Personal information
- Born: 28 May 2005 (age 21) Mie Prefecture, Japan

Gymnastics career
- Discipline: Women's artistic gymnastics
- Country represented: Japan; (2023–present);
- Club: Sohgoh Gymnastics Club
- Medal record
Representing Japan
Asian Games
| Gold medal – first place | 2022 Hangzhou | Balance beam |
| Silver medal – second place | 2022 Hangzhou | Team |
| Silver medal – second place | 2022 Hangzhou | All-around |
| Silver medal – second place | 2026 Aichi-Nagoya | Team |
| Bronze medal – third place | 2026 Aichi-Nagoya | Balance beam |
World University Games
| Gold medal – first place | 2025 Rhine-Ruhr | Team |
| Silver medal – second place | 2025 Rhine-Ruhr | All-around |
Asian Championships
| Silver medal – second place | 2026 Zunyi | Team |
FIG World Cup
| Event | 1st | 2nd | 3rd |
| Apparatus World Cup | 4 | 1 | 1 |

= Mana Okamura =

Japanese artistic gymnast (born 2005)

Mana Okamura (岡村 真; born 28 May 2005) is a Japanese artistic gymnast. She is the 2022 Asian Games balance beam champion and all-around and team silver medalist. She represented Japan at the 2024 Summer Olympics.

== Career ==
Okamura finished ninth in the all-around at the 2019 All-Japan Junior Championships. She made her international debut at the 2020 WOGA Classic and finished second in the all-around to Skye Blakely.
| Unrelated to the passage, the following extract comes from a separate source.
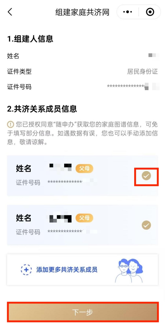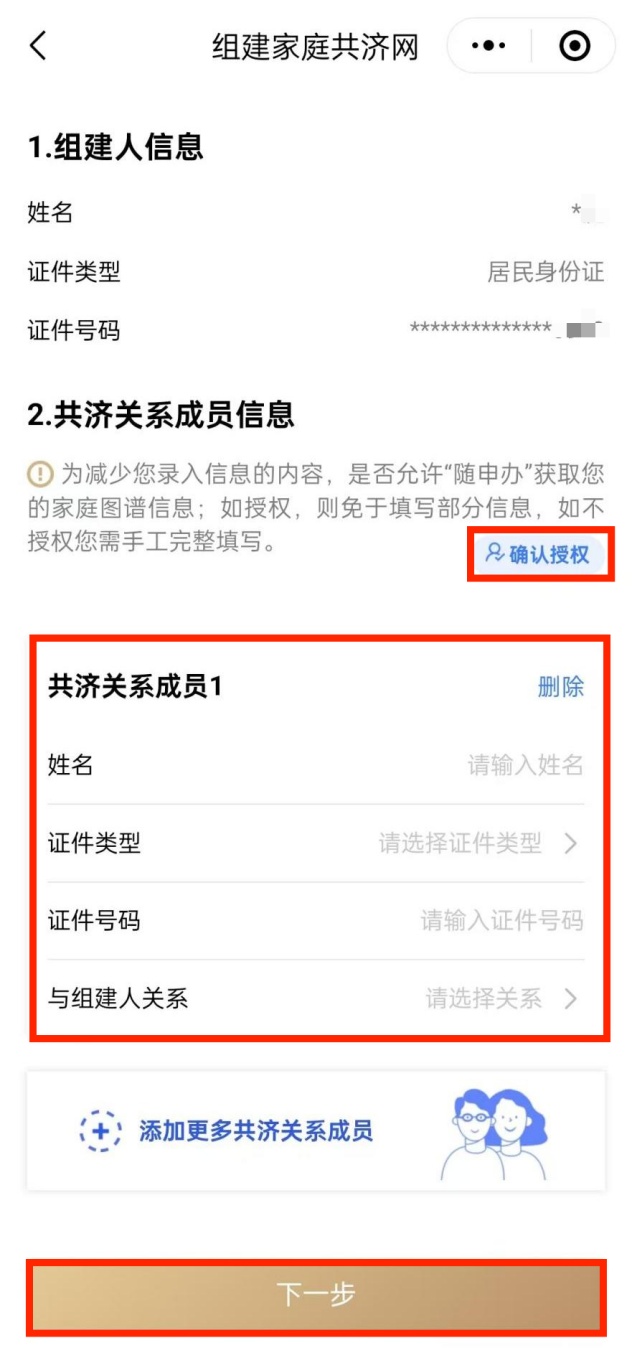 首先,请填写共济关系成员的相关信息,您可一次性添加多名成员。点击“确认授权”按钮,即可迅速获取随申办家庭图谱内成员信息,不在家庭图谱内的成员信息需手动填写完整。信息填写完成后,请点击“下一步”继续进行后续流程。

She then placed 17th in the all-around at the 2020 All-Japan Championships.

=== 2021 ===
Okamura became age-eligible for senior international competitions in 2021. She finished 15th in the all-around at the 2021 All-Japan Championships and 13th at the NHK Trophy. She qualified for the balance beam final at the All-Japan Event Championships and placed fourth. She helped her club place 12th at the All-Japan Team Championships.

=== 2022 ===
Okamura placed 13th in the all-around at the All-Japan Championships and 11th at the NHK Trophy. At the All-Japan Event Championships, she repeated her fourth-place finish on the balance beam. She had the second-highest all-around score behind Shoko Miyata at the All-Japan Team Championships and helped her club finish 11th.

=== 2023 ===
Okamura made her senior international debut at the Cottbus World Cup and won the gold medal on the balance beam. At the All-Japan Championships, she finished seventh in the all-around, and she finished also finished seventh at the NHK Trophy. She finished sixth on the floor exercise at the All-Japan Event Championships.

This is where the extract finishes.